In this case, the testator, Bruce Boese (“Bruce”), died in June of 2015. Bruce was the sole owner of a farm he inherited from his parents. He never married and did not have any children. For the past two decades prior to Bruce’s death, his friend, Brenda Bayford (“Brenda”), assisted him with the operation of the farm.
Throughout his lifetime, Bruce executed two wills: one in 1992 and another in 2013. Under the 1992 will, Bruce named his parents as his sole beneficiaries. However, since both of Bruce’s parents had pre-deceased him, his estate would pass on an intestacy to his siblings, with Brian and Rhonda each inheriting 50%. Under the 2013 will, the farm property was to be transferred to Brenda, with the residue being equally divided amongst four children of Bruce’s two siblings. Interestingly, the 2013 will had the word “DRAFT” stamped on every page. Also, there were two versions of the 2013 will: “Version 1” and “Version 2”. Version 1 contained Bruce’s signature but did not contain the signatures of any witnesses. Version 2 contained Bruce’s signatures and the signature of two witnesses, Sophie Gordon (“Sophie”) and Colleen Desarmia (“Colleen”).
After Bruce’s death, Brenda found Version 1 of the will. She brought it to the office of Bruce’s lawyer as she thought that the fully executed version of the will would be there. It was not. Shortly after, Colleen informed Brenda of the existence of Version 2. Upon hearing this, Brenda did a further search and found Version 2.

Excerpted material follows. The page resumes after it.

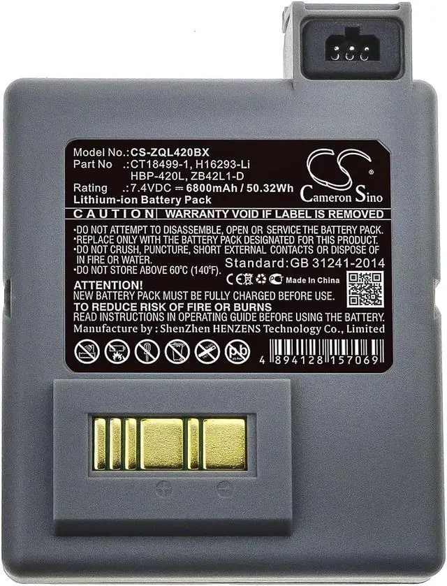 Battery for Zebra P4T RP4 RP4T CT18499-1 H16293-Li HBP-420L ZB42L1-D Portable Compatible with the following devices P4T, RP4, RP4T Compatible with Battery Part Numbers CT18499-1, H16293-Li, HBP-420L, ZB42L1-D

Brian asserted that the 2013 will did not comply with section 4(1) of the SLRA. His theory was that upon finding Version 1 of the will, Brenda colluded with the two witnesses to procure the 2013 will. In the alternative, Brian asserted that Bruce’s signature was forged on the 2013 will which the two witnesses signed.
Although Brian called an expert to give evidence with respect to Bruce’s signature on the wills, Justice Corthorn did not find the expert’s evidence to be helpful to Brian, nor did she find that it made the two witnesses less credible.
At trial, there were discrepancies between the evidence of the two witnesses with respect to the specific mechanics of Bruce signing the will and the witnessing of his signature. For example, Colleen testified that she believed that both she and Sophie remained standing while Bruce was seated at the kitchen table when he signed the 2013 Will. Sophie’s evidence was that she believed she was the only person standing and that both Bruce and Colleen were seated. Justice Corthorn noted, however, that “these inconsistencies [were] in keeping with the frailty of human memory, including […] the passage of time” and that they did not give her a reason to be concerned with the credibility of either witness.
Furthermore, based on the witnesses’ respective education and work experience, Justice Corthorn drew an inference that each of them had sufficient experience in completing paperwork to know that a witness to a document signs after the document is signed by the principal signatory.
Taking this into consideration, Justice Corthorn concluded that Bruce’s 2013 will was executed in accordance with s. 4(1) of the SLRA and that it was therefore valid.
While Bayford v Boese provides many noteworthy take-aways, perhaps the main one is the importance of ensuring that a will is properly executed, and that it is stored in a safe and easily accessible place that the testator’s lawyer and estate trustee(s) are aware of. Had this happened, the case could have been avoided altogether.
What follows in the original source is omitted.